Guru Cuma Satu, Tapi Murid Harus Menguasai Semua Pelajaran?



“Kalau guru cuma nguasain satu pelajaran, kenapa murid harus nguasain semua pelajaran?”
            Begitulah kira-kira postingan yang marak muncul di lini masa saya setiap tahunnya saat mendekati UN dan SBMPTN sejak saya masuk SMA, membeli hape, terus bikin line. Untungnya bapak-ibu guru walau hapenya canggih-canggih, mainnya kalau enggak facebook ya whatsapp.
            Saya bingung harus memulainya dari mana, tapi yang pasti saya kesal. Mereka-mereka yang ngeposting ini merasa banget dituntut untuk “menguasai” banyak pelajaran.

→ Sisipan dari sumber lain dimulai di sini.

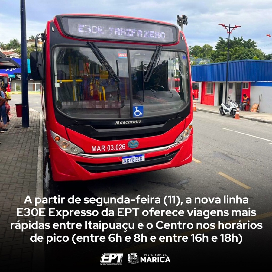 A partir da próxima segunda-feira, dia 11 de março, a Prefeitura de Maricá, por meio da Empresa Pública de Transportes (EPT), introduzirá em caráter experimental a linha E30E (Itaipuaçu x Centro). A iniciativa visa aprimorar a mobilidade urbana e reduzir significativamente o tempo de viagem entre os terminais de Itaipuaçu e do Centro da cidade, durante os horários de pico, das 6h às 8h e das 16h às 18h.
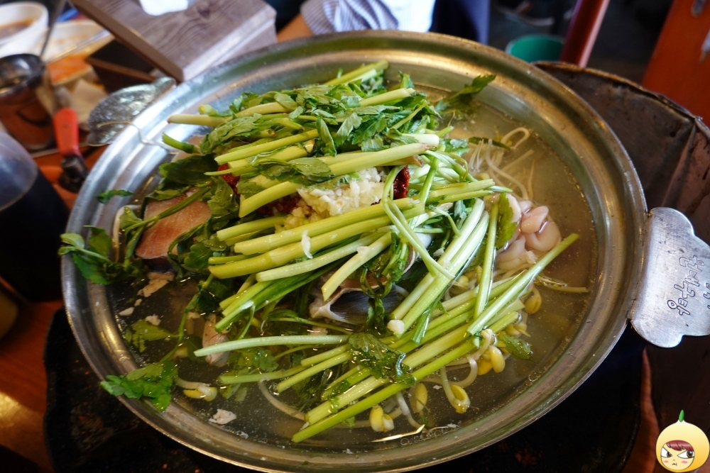 우와, 음식이 나오는 속도가 엄청 빠르다. 하긴 테이블에서 끓여서 먹어야 하니, 재료만 담으면 끝이다. 2인분은 냄비에 미리미리 준비를 해두는 거 같던데, 1인분은 주문하는 사람이 많이 없을테니 아마도 주문을 받고 바로 준비를 하지 않았을까 싶다. 콩나물이 들어 있어 끓기 전에 뚜껑을 열지 말라는 주의사항을 봤기에, 직원이 불을 켜기 전에 양해를 구하고 후다닥 사진을 담았다. 그런데 1인분인데 생각보다 양이 꽤 많아 보인다.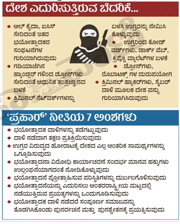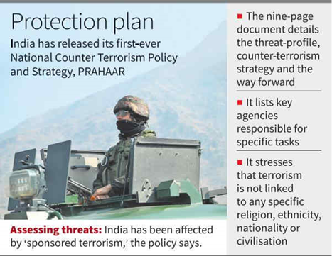 Context: PRAHAAR states that India faces terrorist threats on all three fronts — water, land and air; the policy adds that capacities have been developed to protect critical sectors of the economy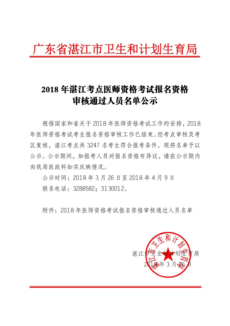 2018廣東省湛江考點醫(yī)師資格考試報名資格審核通過人員名單公示
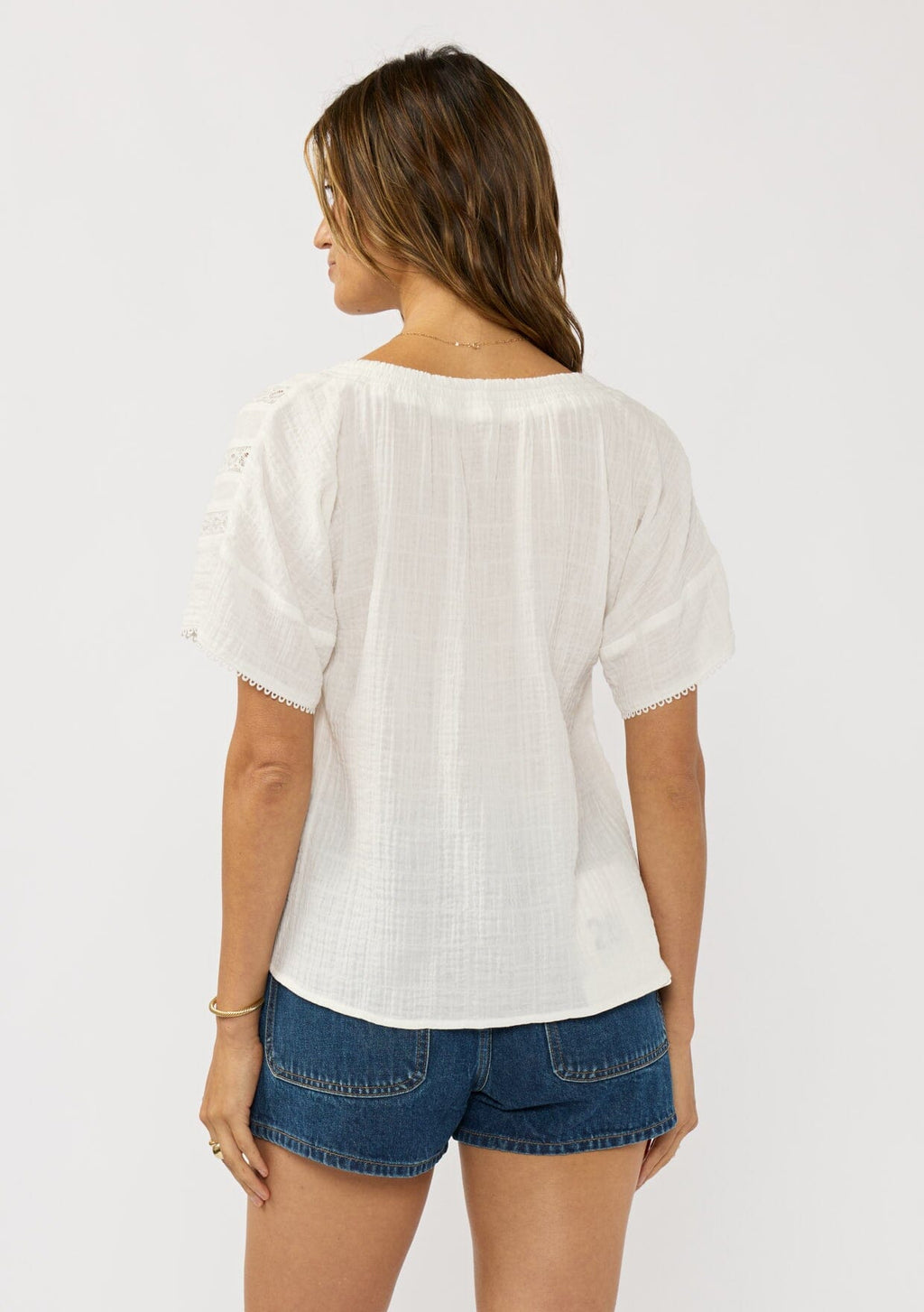 Made from soft, breathable cotton gauze, this short sleeve top features delicate lace trim and a classic button-front design. It brings a relaxed boho feel to everyday dressing and pairs seamlessly with your favorite denim for an effortlessly laid-back look.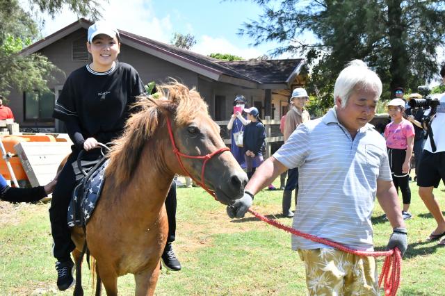 沖縄在来場の宮古馬に理解を深めてふれあいを楽しもうと、夏休み親子牧場体験(主催・沖縄在来馬保存事業実行委員会)が2日、下地の宮古島熱帯果樹園「まいぱり」で行われた。7組14人の親子が参加し、宮古馬の歴史を学びながら乗馬体験や餌やりなどで触れ合いを楽しんだ。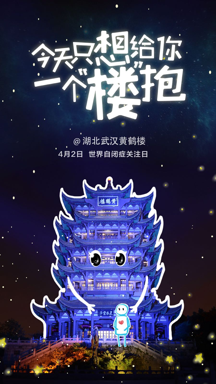 黄鹤楼公园管理处相关负责人介绍,自2015年开始,每年4月2日,黄鹤楼公园和其他省市的中国历史文化名楼都会在线下共同举办点亮蓝灯活动,今年因情况特殊,特别策划采取创意海报和线上联动的方式,传递一份不变的温暖。“在今年的海报上,黄鹤楼化身成温暖的人物形象,伸出双臂,拥抱代表自闭症儿童的‘小蓝人’。”
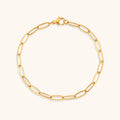 This gold bracelet blends a classic style with a modern touch. The bracelet features a wide connected link of chains that creates a sleek and elegant look on your wrist. Best paired with the Lena Golden Chain Necklace.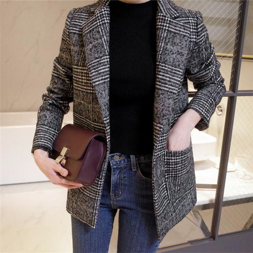 러블리트 SEV9WVS9 여성 봄 가을 복고 체크 모직 자켓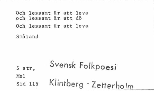 //// Och lessamt är att leva och lessamt är att dö //// Och lessamt är att leva Småland //// 5 str, Svensk Folkpoesi //// Mel //// sid 116 Klintberg - Zetterho?m ////
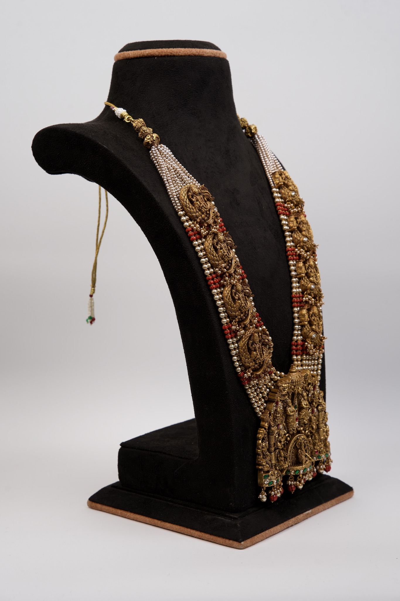 The hara is a long, layered ornament that holds a special place in South Indian tradition. Known for its grandeur, it is often worn on auspicious occasions and weddings as a mark of prosperity and elegance. Designed to beautifully complement both heavy bridal attire and festive wear, the hara flows gracefully, adding depth, richness, and a royal charm to any ensemble.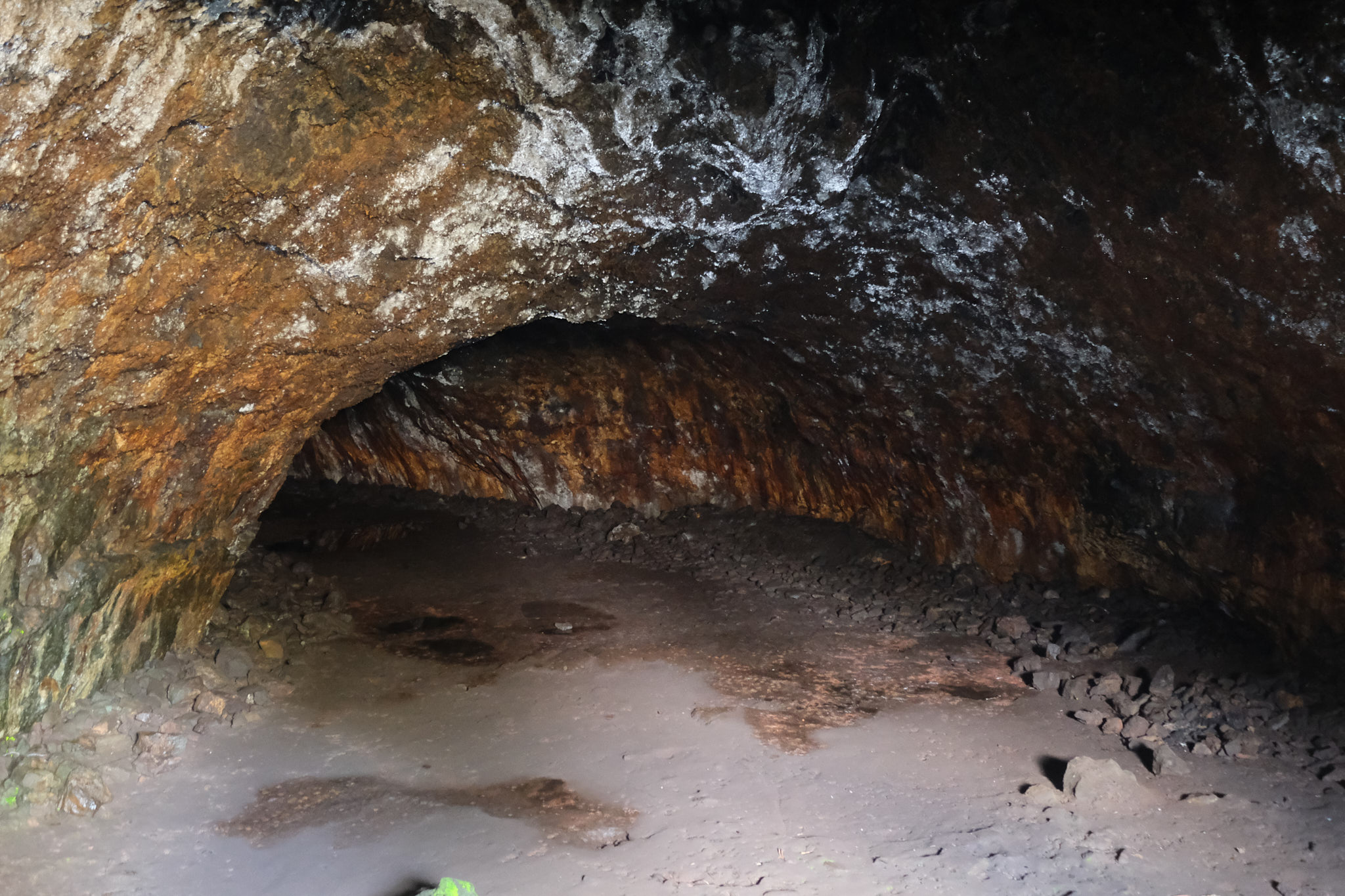 Ich bin am Mittag auf dem Campground angekommen. Wie bestellt wurde das Wetter wärmer und deutlich sonniger. Der Campground mitten in den Bäumen ist sehr weitläufig und wunderbar. Er befindet sich am äusseren Fusse des Vulkankraters beim Austritt des oben beschriebenen Lava-Kanal, welcher ja 50km in die Landschaft verfolgbar ist. Das kleine Informationszentrum ist leider momentan im Umbau. Bis Ende März dieses Jahres soll wohl ein allgemeines Upgrade der Infrastruktur stattfinden. Die Toiletten und Duschen waren jedoch auf einem modernen und total überraschenden Comfort-Level.

Seolah-olah dituntut untuk memahami fisika kuantum, biologi mikro, atau pertentangan kelas. Padahal kan ya lulus UN itu Cuma butuh nilai 5,5. Nilai rapor pun asal ga macem-macem kayak ngerokok, mabok, atau kurang ajar seperti neriakin “MOBA KOK ANALOG?!” ke guru yang main mobile legend, bakal disulap melampaui ketuntasan.
            Lagi pula, siapa yang bilang untuk jadi guru itu cuma perlu bisa satu pelajaran? Jelas keliru ini. Contoh sederhananya sih kemampuan berbahasa guru yang kurang bagus akan berpengaruh buruk ke kemampuan guru tersebut menyampaikan materi. Contoh lainnya kalau guru biologi ga ngerti matematika, gimana mau ngejelasin materi persilangan sama frekuensi genotipe dalam populasi? Atau yang paling fatal kalau guru PKN buta sejarah, ya tiap ngajar bahasnya pasti G30S/PKI berdasarkan broadcast whatsapp.  Terus kok gak mikir gitu ya, emangnya guru-guru kita ini sebelumnya enggak pernah jadi murid? Aduh~

“Iya sih bener, tapi kan aku ga mau jadi guru?”
            Hmmm. Tapi kalian mau kuliah kan? Mau masuk mana? Teknik? Yakin ga bakal perlu matematika, fisika, sama kimia lagi? Terserah deh mau sebutin jurusan apa karena mau masuk jurusan apapun waktu bikin skripsinya mesti make ilmu bahasa Indonesia. Sama juga dengan matematika yang sering dibutuhkan waktu penelitian.
            Lalu gimana dengan pelajaran lain kayak sejarah, PKN, bahasa Inggris, dll? Bakal panjang sih kalau mau dibahas satu-satu, tapi kita lihat dari fenomena yang terjadi di Indonesia akibat buruknya pemahaman mengenai disiplin ilmu-ilmu yang diajarkan di SD, SMP, dan SMA.
            Kita mulai dari pelajaran sejarah. Ga perlu jauh-jauh bahas konspirasi dan pengaburan sejarah yang rumit semacam DI/TII, Gestapu, atau dokumen-dokumen yang disembunyikan Belanda selama penjajahan. Perihal agama yang dianut Majapahit aja meski udah diajarin dari SD, masih banyak yang percaya bahwa Majapahit adalah kerajaan Islam dan Gajahmada nama aslinya Gaj Ah Mada.
            Lanjut ke PKN. Akibat kita selalu menekankan bahaya westernisasi dalam melestarikan budaya, kita abai dengan besarnya pengaruh budaya Korea dan Jepang yang kini terasa sekali pengaruhnya. Termasuk ke saya yang suka K-Pop ini hehe.
            Kalau untuk pelajaran bahasa Inggris, saya rasa teman-teman semua bisa lihat sendiri bagaimana caption-caption di media sosial dapat menyebabkan kanker.
            Yang teranyar adalah hukum kekelan energi yang diajarin sejak SD terbukti gagal masuk ke otak orang Indonesia melalui proyek Blue Energy dan penelitian mahasiswa yang terancam dapet nobel.
“Tapi kan tetep aja kalau aku mau jadi pengusaha, artis atau politikus, aku ga butuh matematika, fisika, kimia, dan biologi.”

SIAPA YANG SURUH LU MASUK JURUSAN MIPA WOI!